- Exercise requirements:
Output all of the data below without changing a word, and exclude the pictures.

--- Data segment ---

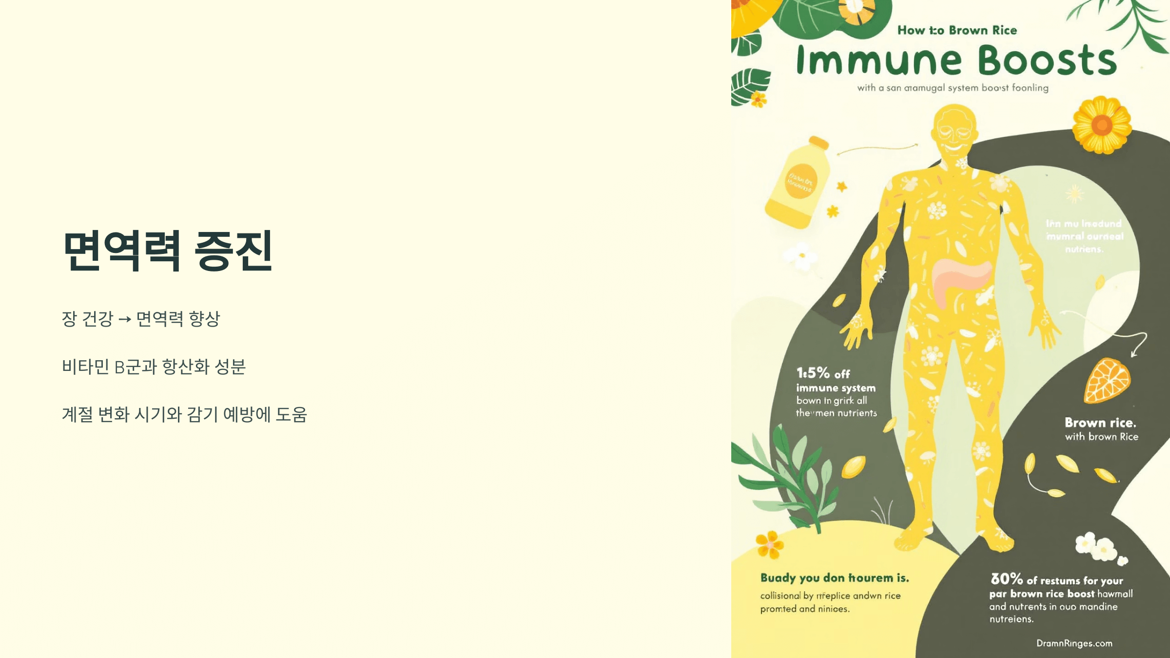 현미는 장 건강 → 면역력 향상으로 이어지는 식품이에요.
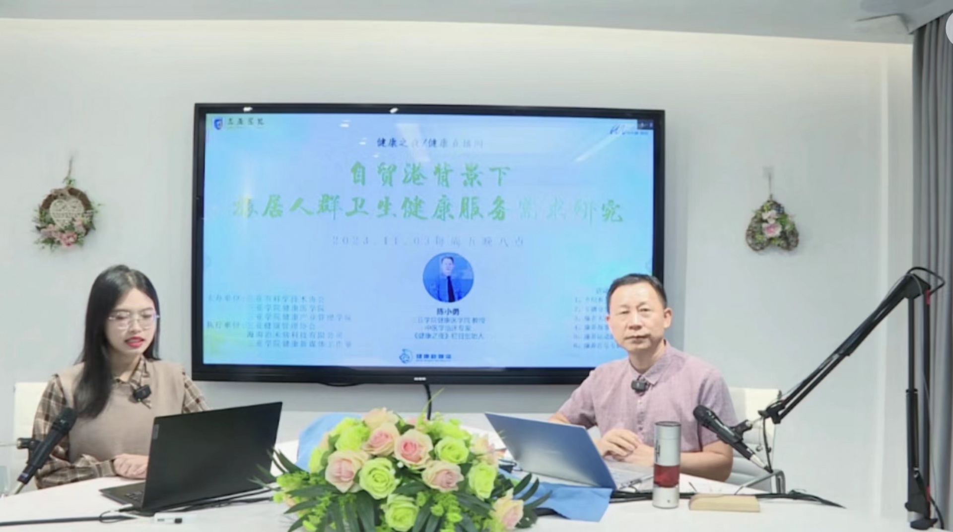 2023年11月3日晚20点健康医学院/健康产业管理学院在线开展了以“自贸港背景下人群卫生服务需求研究”为专题的健康之夜活动。本次活动由三亚学院、中国健康促进与教育协会健康产业专业委员会、中国中医药研究促进会健康旅游分会指导;三亚市科协、三亚学院健康医学院|健康产业管理学院联合主办、三亚健康管理协会、海南治未病科技有限公司、三亚学院健康新媒体联合执行;三亚学院健康管理中心、三亚学院音乐康养工作室支持。本次活动出席嘉宾三亚学院健康医学院专家,中医学临床专家,《健康之夜》栏目创始人陈小勇教授。
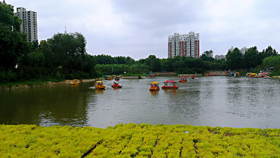 8月11日,天氣涼爽,周口人民公園落花湖里游船穿梭。如今的周口人民公園干凈整潔,水清岸綠,極像一幅美麗的圖畫,市民陶醉其中,流連忘返。

---

- Answer for this exercise:
 현미는 장 건강 → 면역력 향상으로 이어지는 식품이에요.
 2023年11月3日晚20点健康医学院/健康产业管理学院在线开展了以“自贸港背景下人群卫生服务需求研究”为专题的健康之夜活动。本次活动由三亚学院、中国健康促进与教育协会健康产业专业委员会、中国中医药研究促进会健康旅游分会指导;三亚市科协、三亚学院健康医学院|健康产业管理学院联合主办、三亚健康管理协会、海南治未病科技有限公司、三亚学院健康新媒体联合执行;三亚学院健康管理中心、三亚学院音乐康养工作室支持。本次活动出席嘉宾三亚学院健康医学院专家,中医学临床专家,《健康之夜》栏目创始人陈小勇教授。
 8月11日,天氣涼爽,周口人民公園落花湖里游船穿梭。如今的周口人民公園干凈整潔,水清岸綠,極像一幅美麗的圖畫,市民陶醉其中,流連忘返。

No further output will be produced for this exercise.